It’s easy to define comfort by what it’s not, or what it lacks. In the textbook definition, comfort is the absence of fear, pain, or constraint. In other words, to be comfortable means that you’re not scared, you’re not hurting, and there’s nothing that you need or need to do.
In his book Goliath Must Fall, Louie Giglio writes about the giant of comfort. The usual suspects are oppressive ogres like fear and rejection. But the enemy will use anything in his arsenal to bluster you back from the battlefield… or to lure you to lounge in the comforts of camp.
The unnamed giant in 1 Samuel 17 is the giant of comfort. Goliath was the scary giant that pushed soldiers to shrink back from battle. Comfort was the subtle giant that whispered to them to stay in the security of the camp.
Jesse’s three oldest sons were in uniform for the army of Israel. He sent his youngest son David to deliver provisions for his brothers and bring back word on their condition. David had been feeding the sheep back on the farm, but dutifully headed to the battlefield. David’s mission was clear: leave the groceries and pick up the news. But David was diverted by an overriding concern.
There was a status quo when David arrived in camp that day.
For at least 40 days, the three oldest brothers had been camped out against the Philistines, but it seems that there had been no battle. Twice a day for six weeks, Goliath had come out to curse and challenge the Israelites to send somebody to fight him. But nobody wanted to go out and face him.
Here’s what we know:
1) David was taking care of things back home (v. 15).
2) David was bringing groceries from home (v. 17).
I’m not downplaying the facts that Goliath was huge, or that the brothers had taken up arms for their country. But the brothers didn’t have to worry about the sheep, because David had been shepherding in their absence. They didn’t have to worry about hunger, because David arrived with groceries. Nor had they been fighting the giant, but David is about to handle that.
There’s a really good, accurate term to describe what the older brothers are doing when David arrives: it’s called camping. They are in uniform, exempted from the drudgery of the farm, but they aren’t actually fighting. Goliath was the scary giant keeping the status quo, but comfort was the subtle giant helping the scary giant.
This status quo could have gone on indefinitely, as long as David kept feeding the sheep at home and feeding the brothers on the battlefield. The problem was the blasphemous giant, and David didn’t have the same reasons as the brothers to avoid the fight.
David wasn’t intimidated, because he had a proven record of killing scary stuff.

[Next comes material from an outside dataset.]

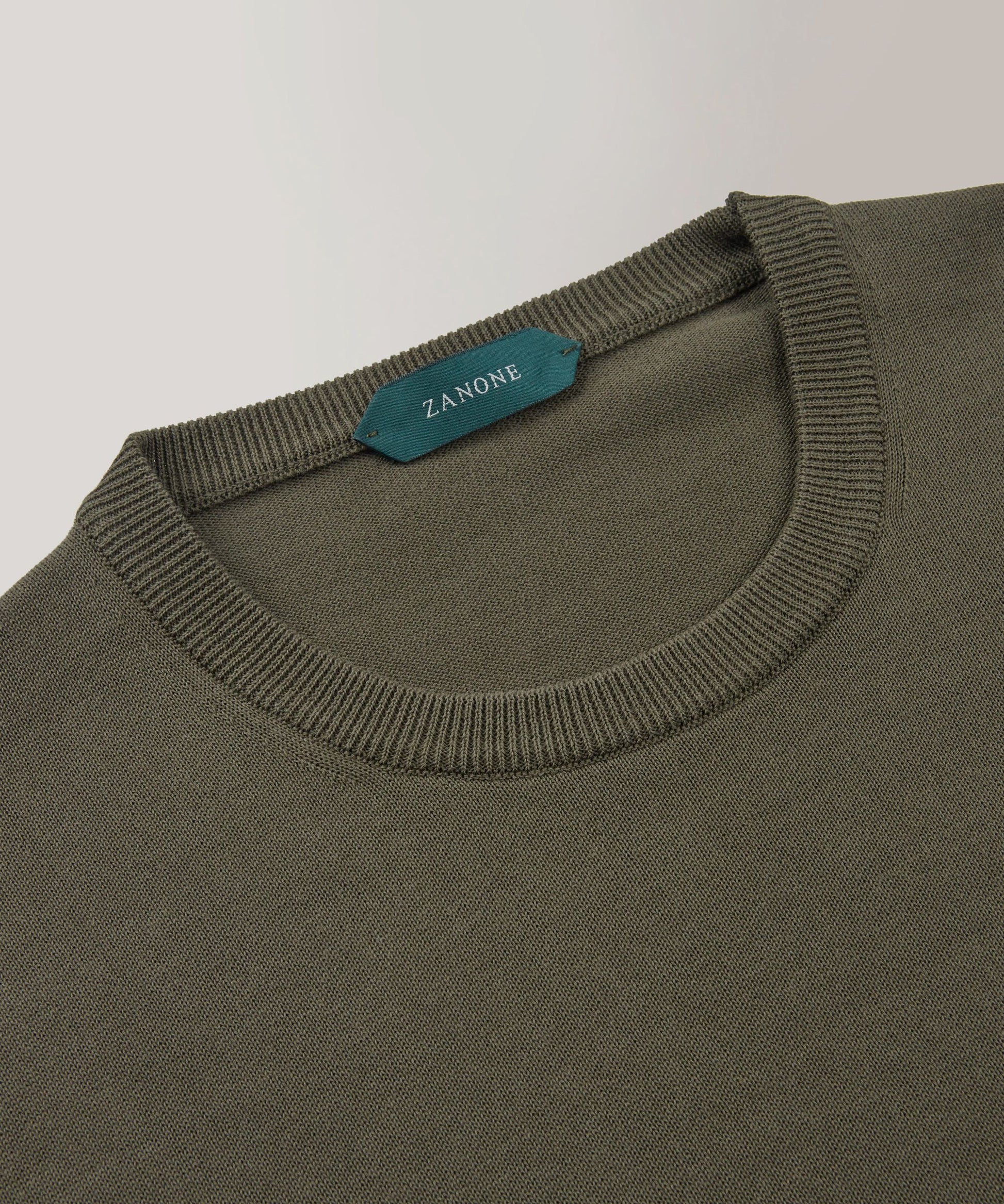 Zanone's research is constantly focused on the selection of the best quality yarns. An example of this is this crepe cotton garment. The surface appears slightly crepe-like for the typical crepe effect, while maintaining the natural softness of cotton. Lightweight, absorbent, easy to wash and care for, this yarn was produced ensuring personal safety and care for the environment and minimising chemicals at all stages of production.

David wasn’t enticed by the comfortable status quo, because he had been working overtime to feed the sheep and his sheepish brothers. Most importantly, David sensed a divine mandate to face the giant.
This scary giant didn’t scare him, and this subtle giant didn’t seduce him.
As Giglio points out, we want to be David in this narrative. But in reality, we are the scared, complacent brothers. It’s fun to be on the team when you get to wear the jersey, eat the pregame meal, and go to the pep rally… especially if you’re not worried about getting hurt in the actual game. The brothers could camp for another day or another month, as long as their little brother showed up with more groceries.
In four minutes, David handled what they hadn’t handled in 40 days. Jesus is the liberating hero depicted in the bravery of David. His divine mandate freed the cowardly, complacent brothers to live in victory over the taunts of the giant. Jesus conquered sin and the grave, satisfying God’s requirements and stifling the taunts of our enemy.
When was the last time that you embraced the power of that divine victory and left the comfort of the status quo?